§ ASSIGNMENT: Give back every line of the material exactly. Skip the pictures.

§ AVAILABLE DATA:
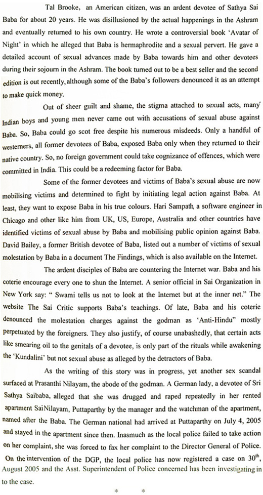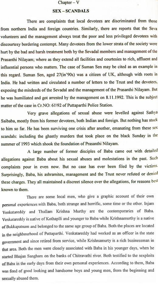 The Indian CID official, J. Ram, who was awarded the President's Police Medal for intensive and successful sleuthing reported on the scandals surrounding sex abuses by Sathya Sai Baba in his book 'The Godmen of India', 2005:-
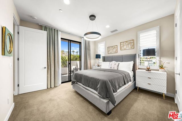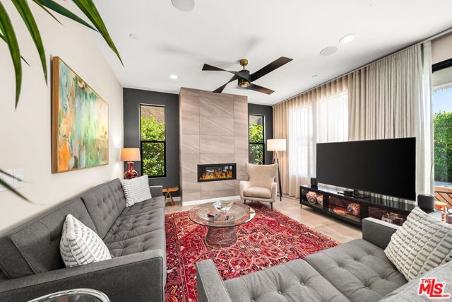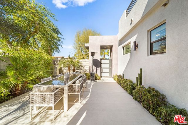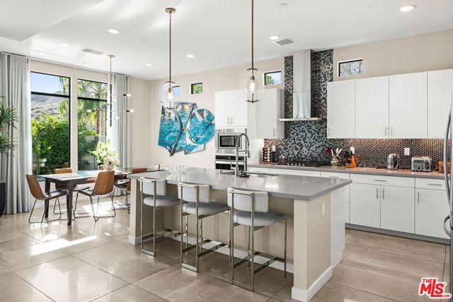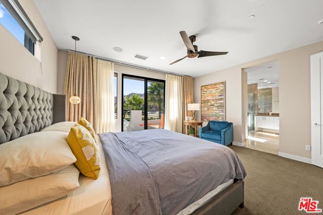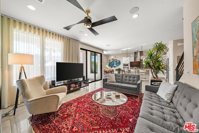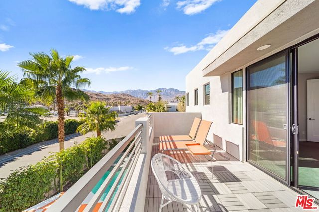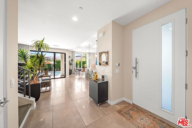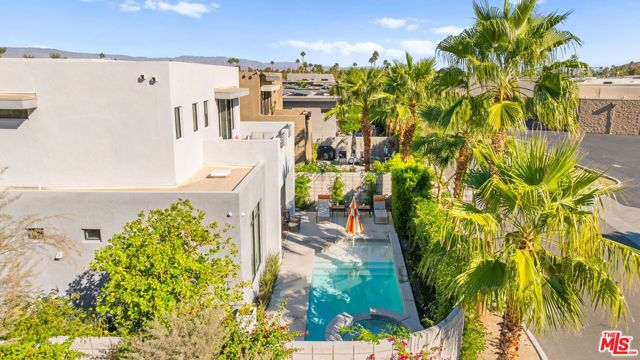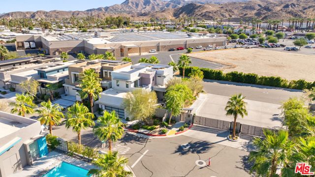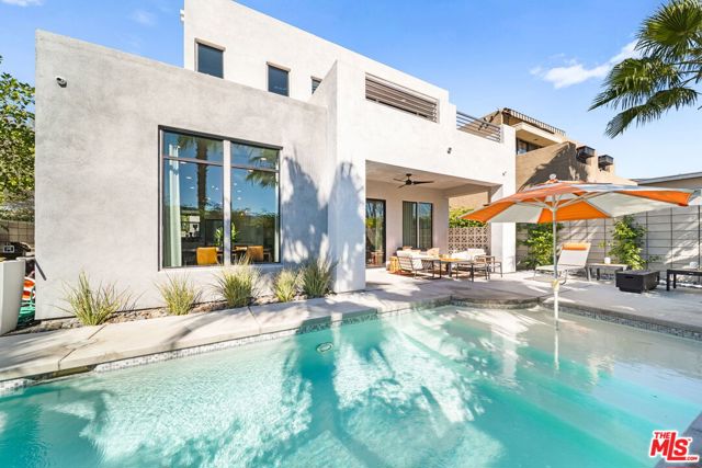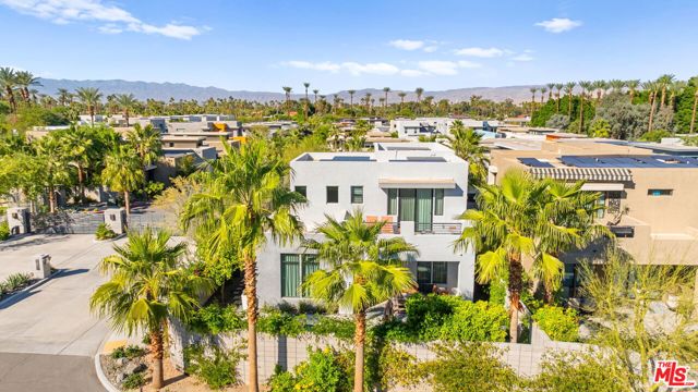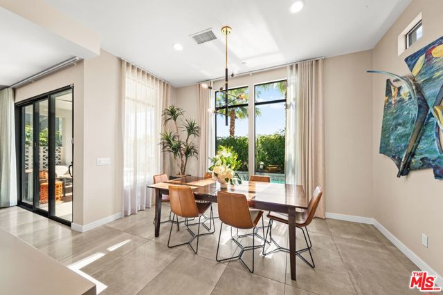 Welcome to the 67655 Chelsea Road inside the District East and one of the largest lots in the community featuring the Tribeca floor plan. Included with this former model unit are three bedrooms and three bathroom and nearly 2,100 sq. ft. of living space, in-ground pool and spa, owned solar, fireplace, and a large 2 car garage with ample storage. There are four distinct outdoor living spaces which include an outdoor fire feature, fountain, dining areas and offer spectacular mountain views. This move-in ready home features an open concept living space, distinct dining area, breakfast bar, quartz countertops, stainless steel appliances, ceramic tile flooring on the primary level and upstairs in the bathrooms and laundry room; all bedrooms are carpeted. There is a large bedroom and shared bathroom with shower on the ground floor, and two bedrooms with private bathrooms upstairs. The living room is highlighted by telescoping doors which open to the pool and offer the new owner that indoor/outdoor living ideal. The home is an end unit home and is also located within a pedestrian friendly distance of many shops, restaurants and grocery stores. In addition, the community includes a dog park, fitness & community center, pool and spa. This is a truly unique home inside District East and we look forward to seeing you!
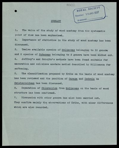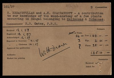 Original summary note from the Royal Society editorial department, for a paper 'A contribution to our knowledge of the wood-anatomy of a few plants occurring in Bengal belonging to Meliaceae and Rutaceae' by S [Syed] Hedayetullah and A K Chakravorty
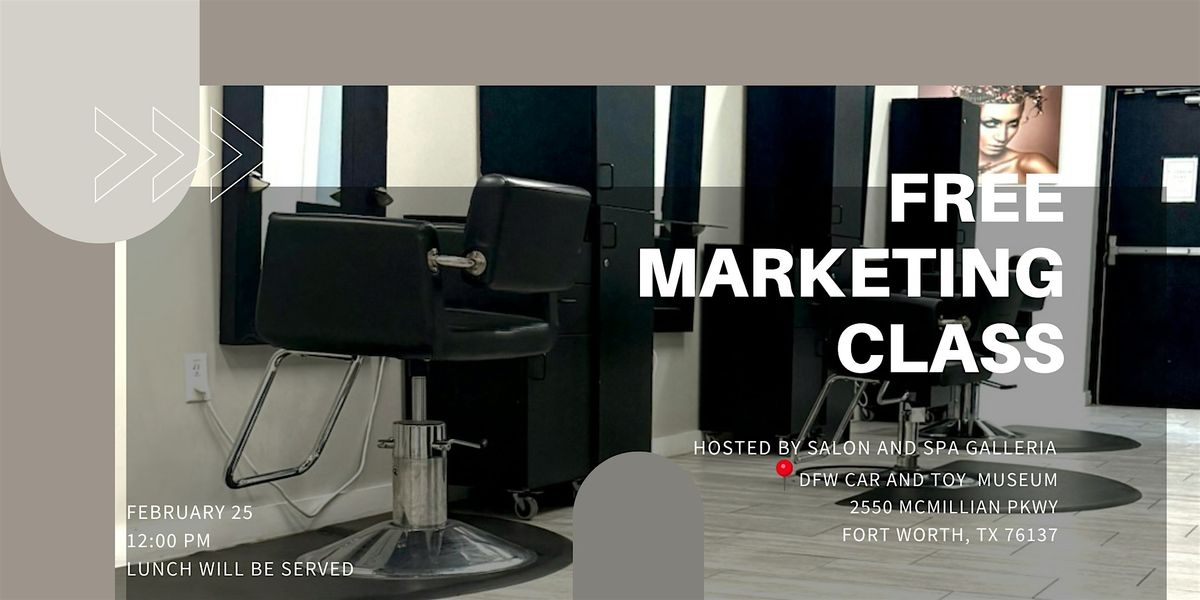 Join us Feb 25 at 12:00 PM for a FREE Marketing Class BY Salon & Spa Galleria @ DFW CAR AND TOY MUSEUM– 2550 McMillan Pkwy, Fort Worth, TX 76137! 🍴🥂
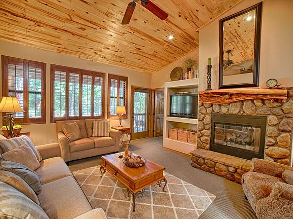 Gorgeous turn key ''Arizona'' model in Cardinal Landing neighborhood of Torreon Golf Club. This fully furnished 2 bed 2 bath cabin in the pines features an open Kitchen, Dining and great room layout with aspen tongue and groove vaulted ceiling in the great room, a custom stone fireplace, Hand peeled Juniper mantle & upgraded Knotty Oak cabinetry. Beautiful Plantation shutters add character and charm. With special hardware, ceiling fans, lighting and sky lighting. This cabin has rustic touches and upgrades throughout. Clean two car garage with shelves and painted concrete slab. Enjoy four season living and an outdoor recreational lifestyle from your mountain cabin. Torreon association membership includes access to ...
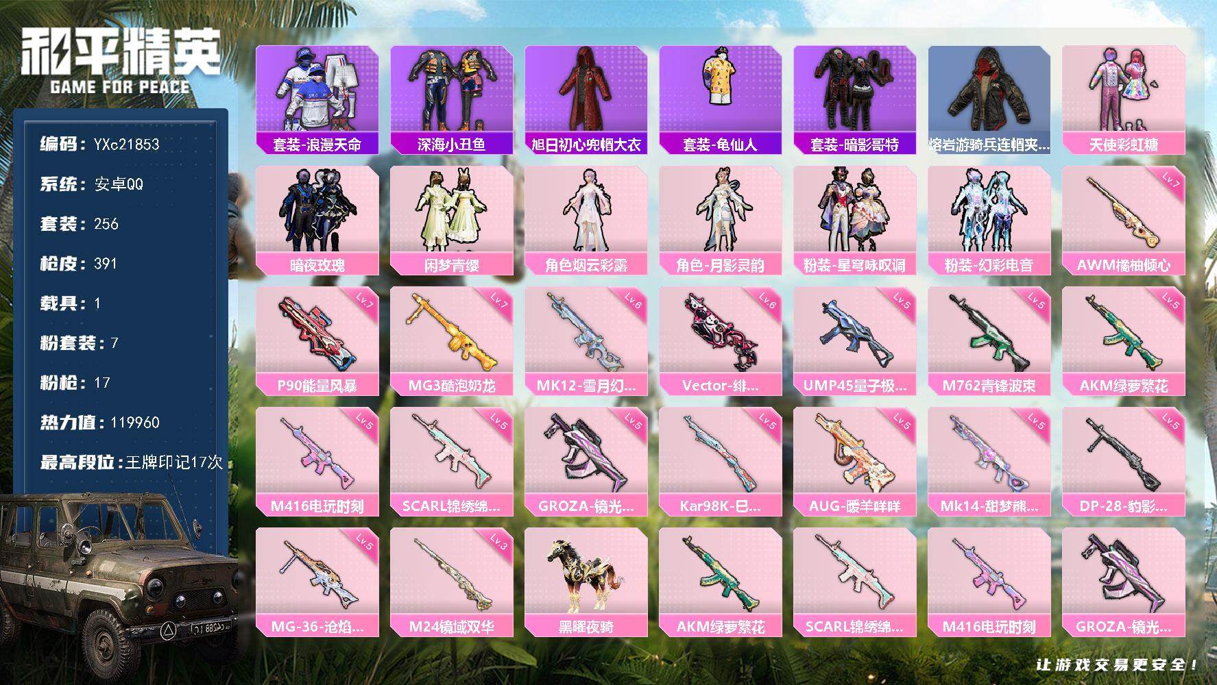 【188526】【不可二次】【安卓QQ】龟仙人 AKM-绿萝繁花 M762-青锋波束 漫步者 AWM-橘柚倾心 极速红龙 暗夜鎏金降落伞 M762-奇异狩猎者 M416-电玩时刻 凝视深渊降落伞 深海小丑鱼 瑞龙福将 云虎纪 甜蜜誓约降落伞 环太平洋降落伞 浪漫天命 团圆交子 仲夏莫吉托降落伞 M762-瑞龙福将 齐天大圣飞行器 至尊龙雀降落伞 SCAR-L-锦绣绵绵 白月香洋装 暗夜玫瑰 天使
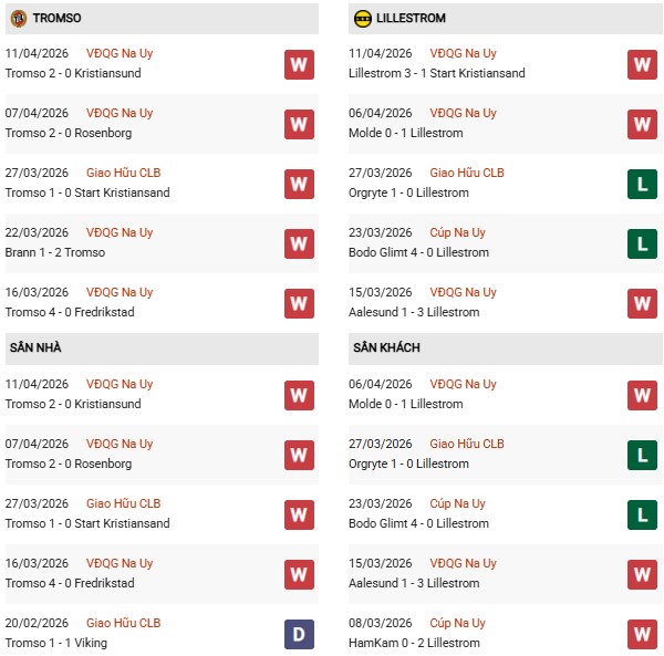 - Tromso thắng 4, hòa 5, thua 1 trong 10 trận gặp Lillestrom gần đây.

§ EXPECTED OUTPUT:
 The Indian CID official, J. Ram, who was awarded the President's Police Medal for intensive and successful sleuthing reported on the scandals surrounding sex abuses by Sathya Sai Baba in his book 'The Godmen of India', 2005:-
 Welcome to the 67655 Chelsea Road inside the District East and one of the largest lots in the community featuring the Tribeca floor plan. Included with this former model unit are three bedrooms and three bathroom and nearly 2,100 sq. ft. of living space, in-ground pool and spa, owned solar, fireplace, and a large 2 car garage with ample storage. There are four distinct outdoor living spaces which include an outdoor fire feature, fountain, dining areas and offer spectacular mountain views. This move-in ready home features an open concept living space, distinct dining area, breakfast bar, quartz countertops, stainless steel appliances, ceramic tile flooring on the primary level and upstairs in the bathrooms and laundry room; all bedrooms are carpeted. There is a large bedroom and shared bathroom with shower on the ground floor, and two bedrooms with private bathrooms upstairs. The living room is highlighted by telescoping doors which open to the pool and offer the new owner that indoor/outdoor living ideal. The home is an end unit home and is also located within a pedestrian friendly distance of many shops, restaurants and grocery stores. In addition, the community includes a dog park, fitness & community center, pool and spa. This is a truly unique home inside District East and we look forward to seeing you!
 Original summary note from the Royal Society editorial department, for a paper 'A contribution to our knowledge of the wood-anatomy of a few plants occurring in Bengal belonging to Meliaceae and Rutaceae' by S [Syed] Hedayetullah and A K Chakravorty
 Join us Feb 25 at 12:00 PM for a FREE Marketing Class BY Salon & Spa Galleria @ DFW CAR AND TOY MUSEUM– 2550 McMillan Pkwy, Fort Worth, TX 76137! 🍴🥂
 Gorgeous turn key ''Arizona'' model in Cardinal Landing neighborhood of Torreon Golf Club. This fully furnished 2 bed 2 bath cabin in the pines features an open Kitchen, Dining and great room layout with aspen tongue and groove vaulted ceiling in the great room, a custom stone fireplace, Hand peeled Juniper mantle & upgraded Knotty Oak cabinetry. Beautiful Plantation shutters add character and charm. With special hardware, ceiling fans, lighting and sky lighting. This cabin has rustic touches and upgrades throughout. Clean two car garage with shelves and painted concrete slab. Enjoy four season living and an outdoor recreational lifestyle from your mountain cabin. Torreon association membership includes access to ...
 【188526】【不可二次】【安卓QQ】龟仙人 AKM-绿萝繁花 M762-青锋波束 漫步者 AWM-橘柚倾心 极速红龙 暗夜鎏金降落伞 M762-奇异狩猎者 M416-电玩时刻 凝视深渊降落伞 深海小丑鱼 瑞龙福将 云虎纪 甜蜜誓约降落伞 环太平洋降落伞 浪漫天命 团圆交子 仲夏莫吉托降落伞 M762-瑞龙福将 齐天大圣飞行器 至尊龙雀降落伞 SCAR-L-锦绣绵绵 白月香洋装 暗夜玫瑰 天使
 - Tromso thắng 4, hòa 5, thua 1 trong 10 trận gặp Lillestrom gần đây.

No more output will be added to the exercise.